(Beginning of DATASET ENTRIES)

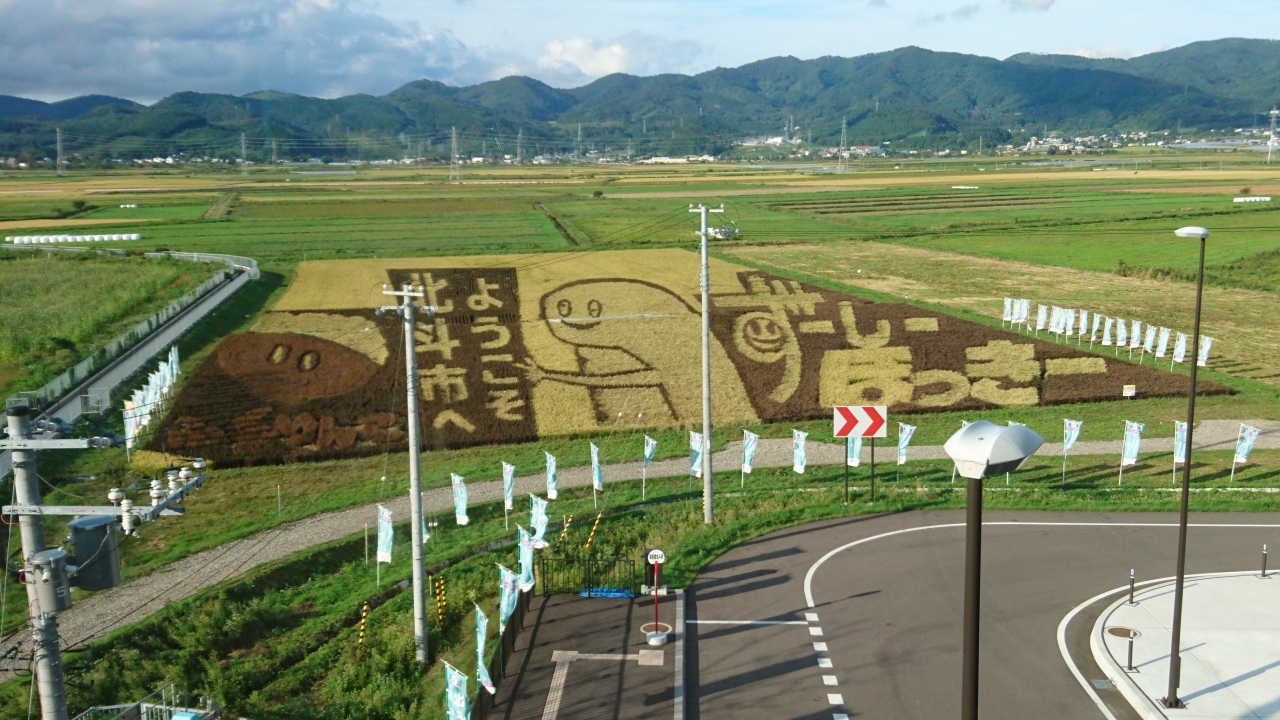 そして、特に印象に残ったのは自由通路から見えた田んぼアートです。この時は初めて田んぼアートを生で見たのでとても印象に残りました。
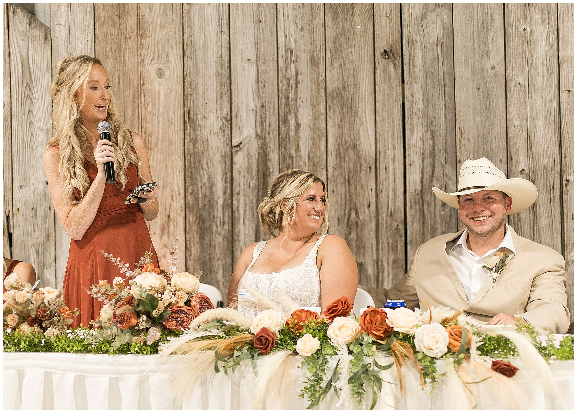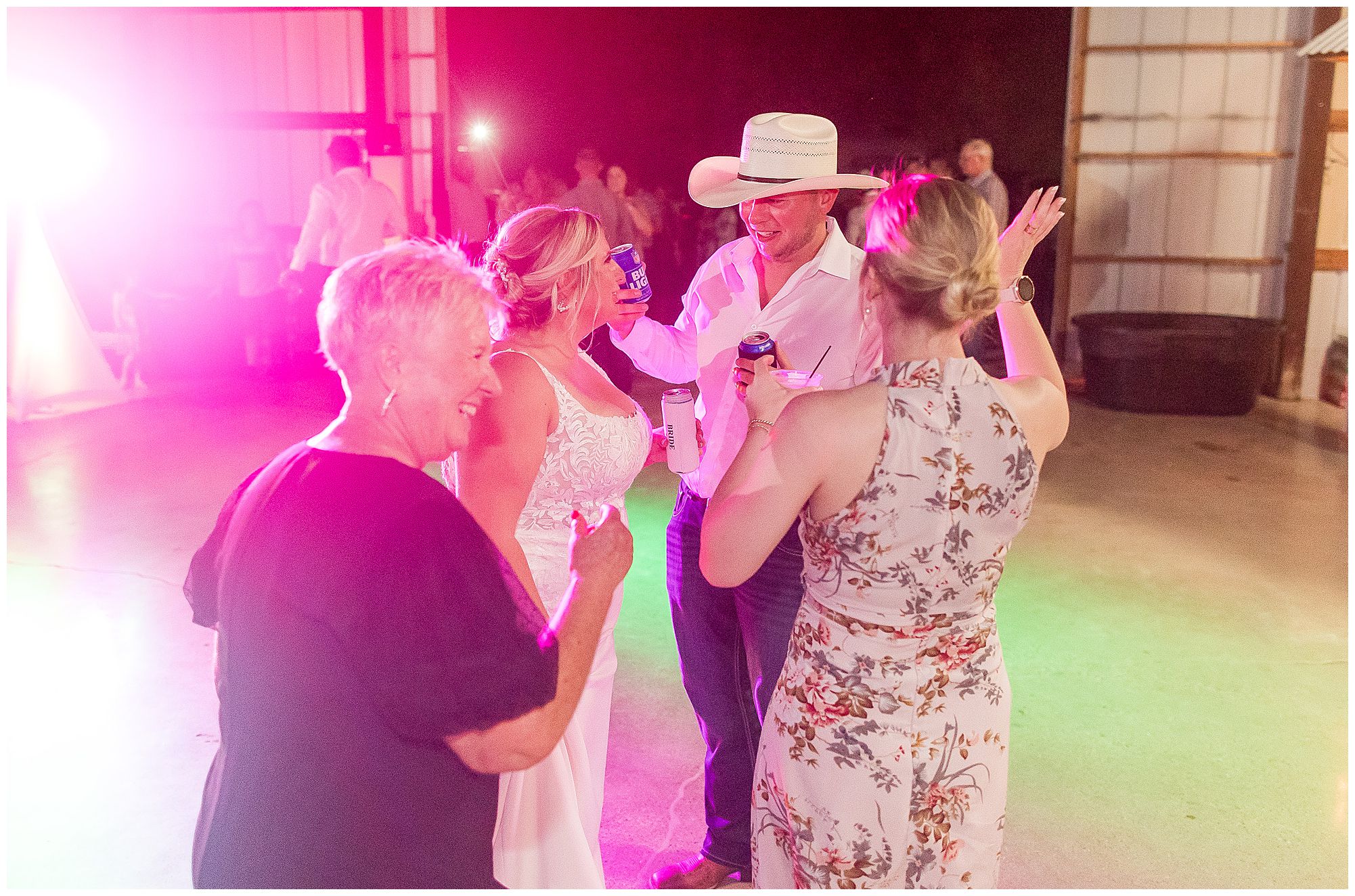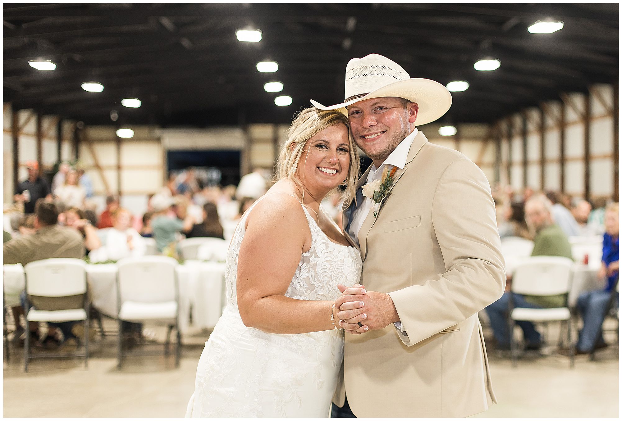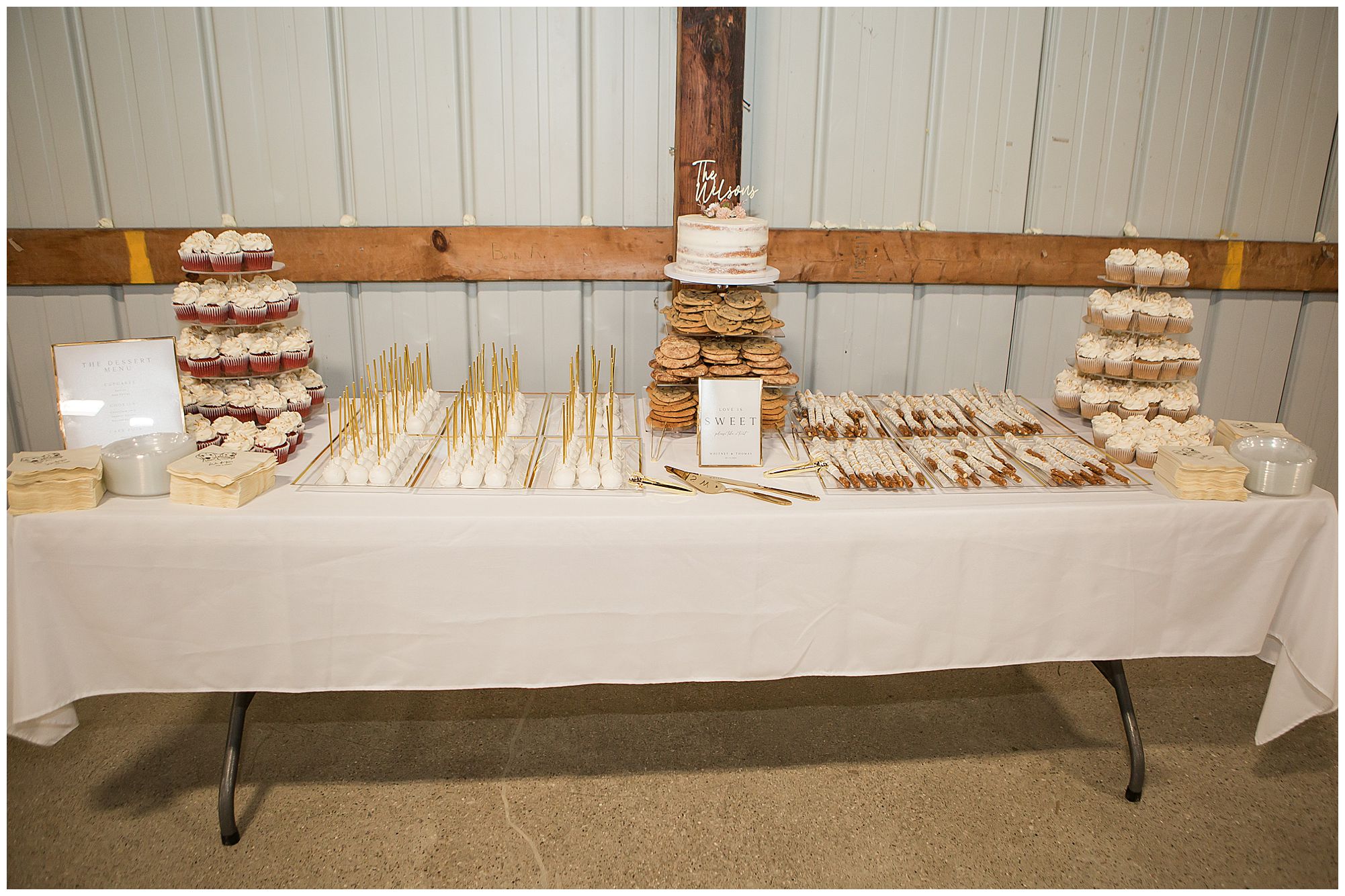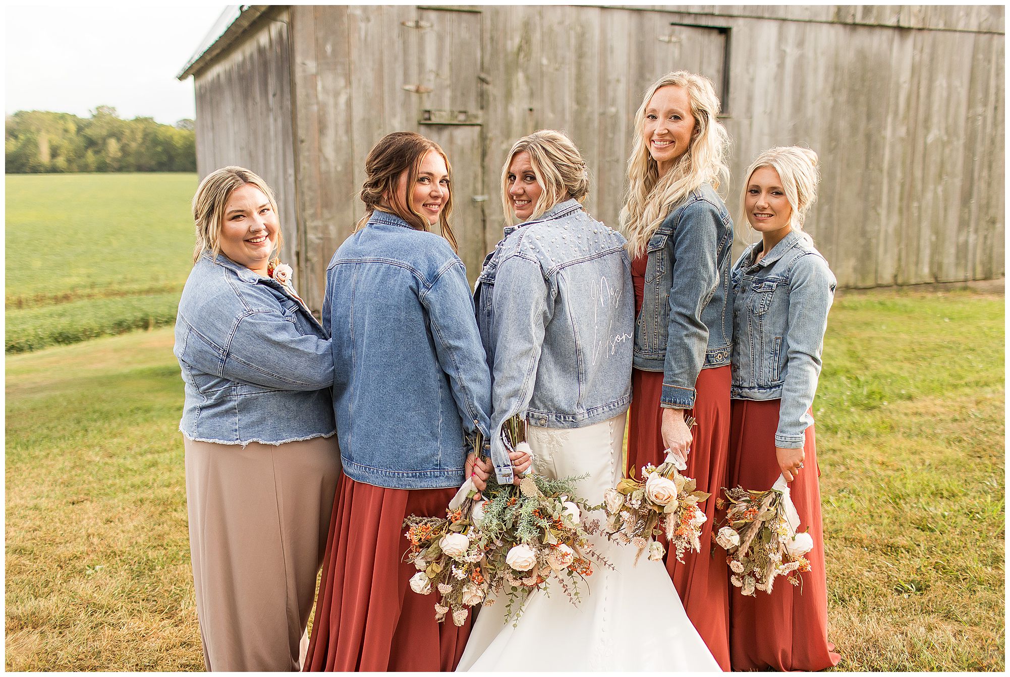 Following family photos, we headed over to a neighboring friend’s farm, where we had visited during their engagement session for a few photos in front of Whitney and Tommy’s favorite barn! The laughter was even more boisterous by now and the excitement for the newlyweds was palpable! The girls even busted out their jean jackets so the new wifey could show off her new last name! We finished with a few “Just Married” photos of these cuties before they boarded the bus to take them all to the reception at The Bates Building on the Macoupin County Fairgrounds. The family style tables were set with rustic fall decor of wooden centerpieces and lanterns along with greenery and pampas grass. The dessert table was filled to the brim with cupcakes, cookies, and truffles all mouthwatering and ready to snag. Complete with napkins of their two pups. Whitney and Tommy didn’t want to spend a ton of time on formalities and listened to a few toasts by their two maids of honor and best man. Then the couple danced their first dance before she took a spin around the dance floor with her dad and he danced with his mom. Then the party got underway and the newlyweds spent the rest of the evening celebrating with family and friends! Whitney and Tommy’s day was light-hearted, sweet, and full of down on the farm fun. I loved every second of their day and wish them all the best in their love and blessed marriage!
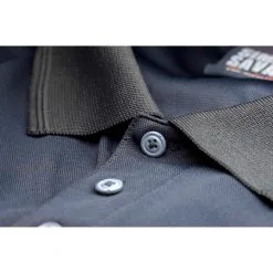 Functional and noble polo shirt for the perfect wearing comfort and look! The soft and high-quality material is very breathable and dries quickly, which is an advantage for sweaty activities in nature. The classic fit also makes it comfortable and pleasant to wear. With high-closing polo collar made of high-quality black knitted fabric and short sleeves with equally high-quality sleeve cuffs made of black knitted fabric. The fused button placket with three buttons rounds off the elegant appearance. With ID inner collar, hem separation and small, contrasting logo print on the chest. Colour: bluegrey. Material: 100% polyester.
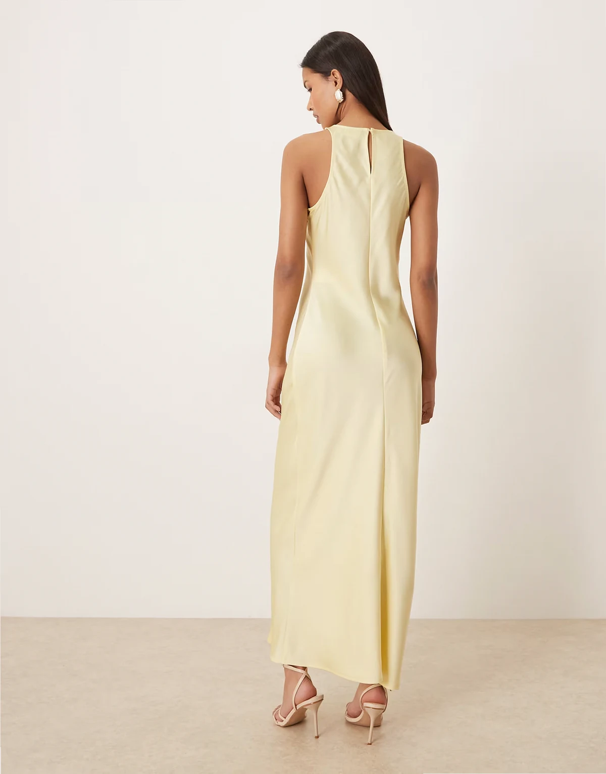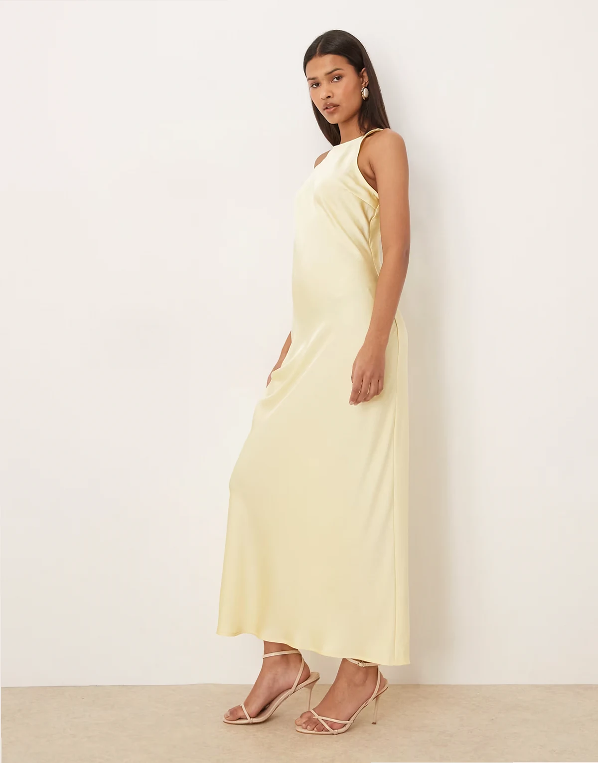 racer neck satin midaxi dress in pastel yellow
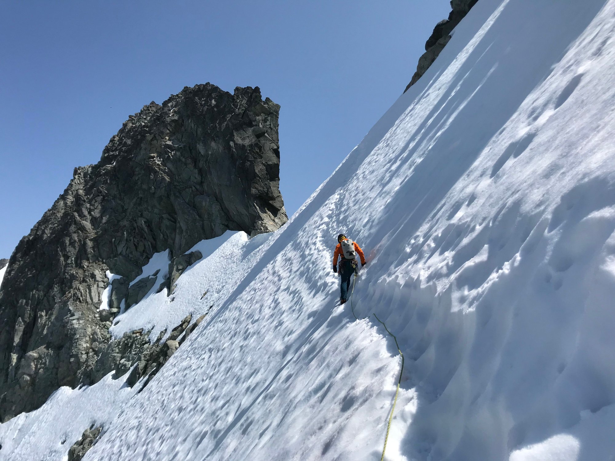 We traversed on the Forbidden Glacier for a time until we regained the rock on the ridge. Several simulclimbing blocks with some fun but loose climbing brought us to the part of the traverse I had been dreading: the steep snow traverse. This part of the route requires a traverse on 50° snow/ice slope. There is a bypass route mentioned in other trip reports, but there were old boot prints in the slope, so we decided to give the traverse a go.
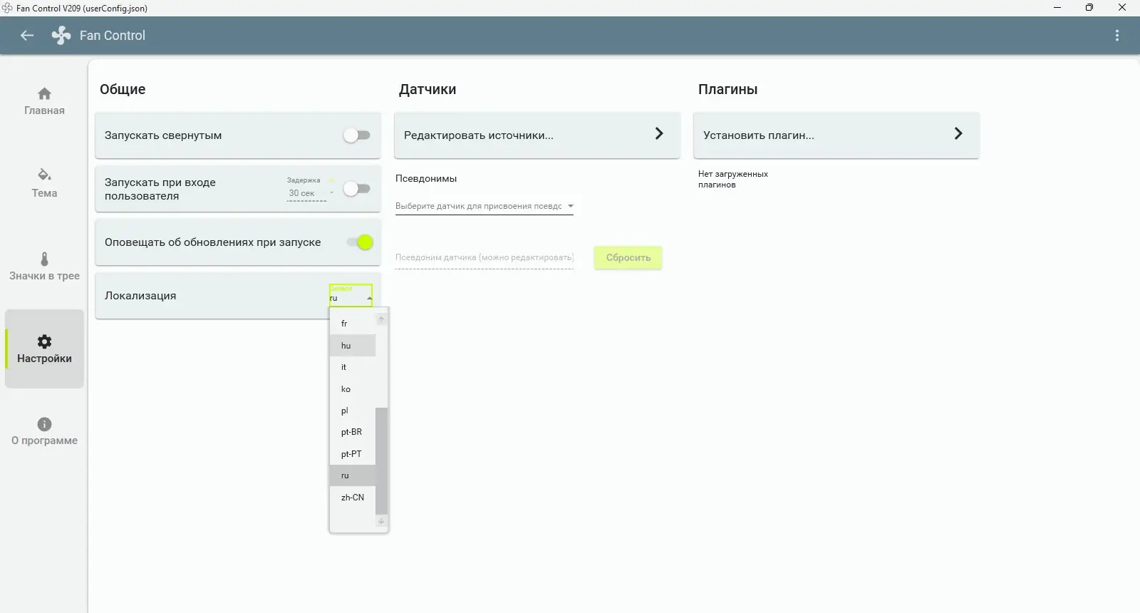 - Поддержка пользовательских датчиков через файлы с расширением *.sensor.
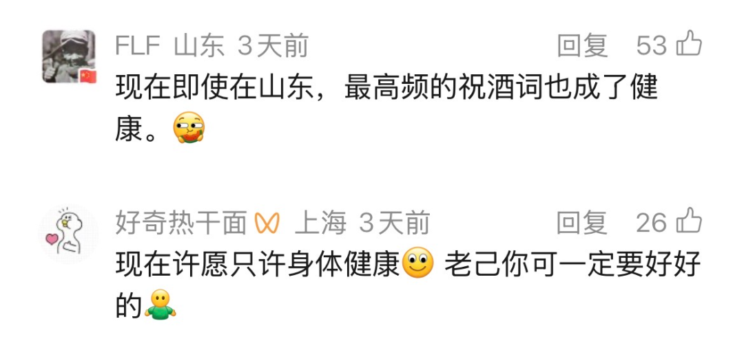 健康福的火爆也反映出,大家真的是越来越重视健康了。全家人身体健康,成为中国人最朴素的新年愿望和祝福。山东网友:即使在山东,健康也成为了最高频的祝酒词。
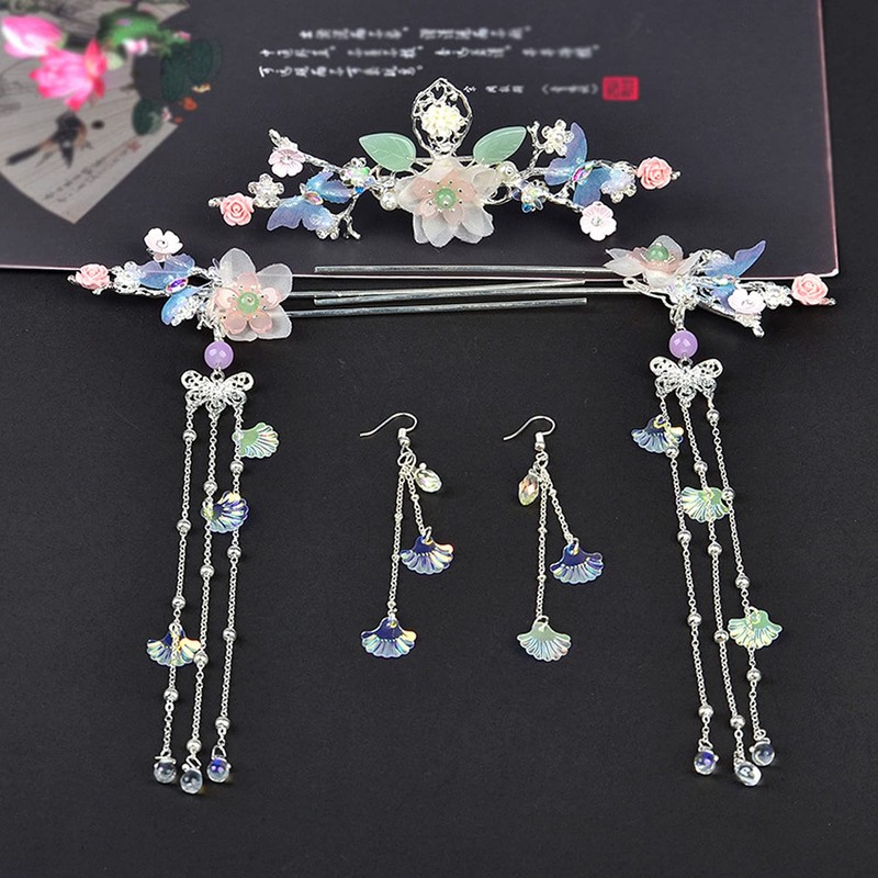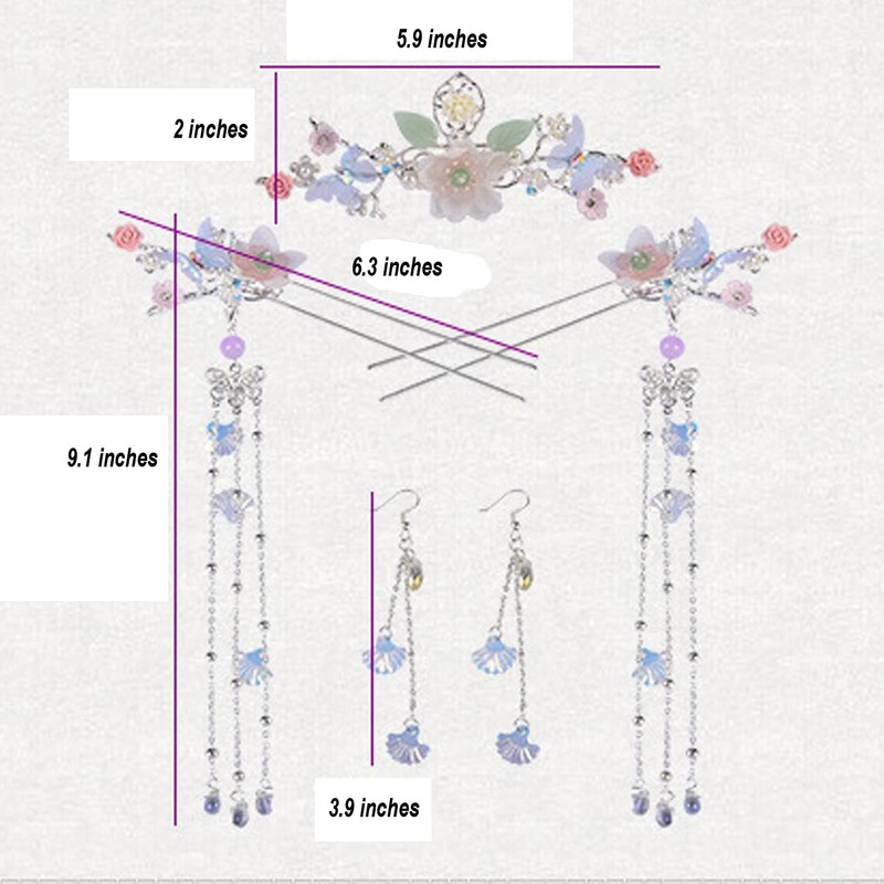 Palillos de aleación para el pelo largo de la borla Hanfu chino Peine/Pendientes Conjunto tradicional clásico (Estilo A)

(End of DATASET ENTRIES)

Quote verbatim every line starting at the line that contains "We traversed on" and ending with the last line of the records; omit all pictures.

 We traversed on the Forbidden Glacier for a time until we regained the rock on the ridge. Several simulclimbing blocks with some fun but loose climbing brought us to the part of the traverse I had been dreading: the steep snow traverse. This part of the route requires a traverse on 50° snow/ice slope. There is a bypass route mentioned in other trip reports, but there were old boot prints in the slope, so we decided to give the traverse a go.
 - Поддержка пользовательских датчиков через файлы с расширением *.sensor.
 健康福的火爆也反映出,大家真的是越来越重视健康了。全家人身体健康,成为中国人最朴素的新年愿望和祝福。山东网友:即使在山东,健康也成为了最高频的祝酒词。
 Palillos de aleación para el pelo largo de la borla Hanfu chino Peine/Pendientes Conjunto tradicional clásico (Estilo A)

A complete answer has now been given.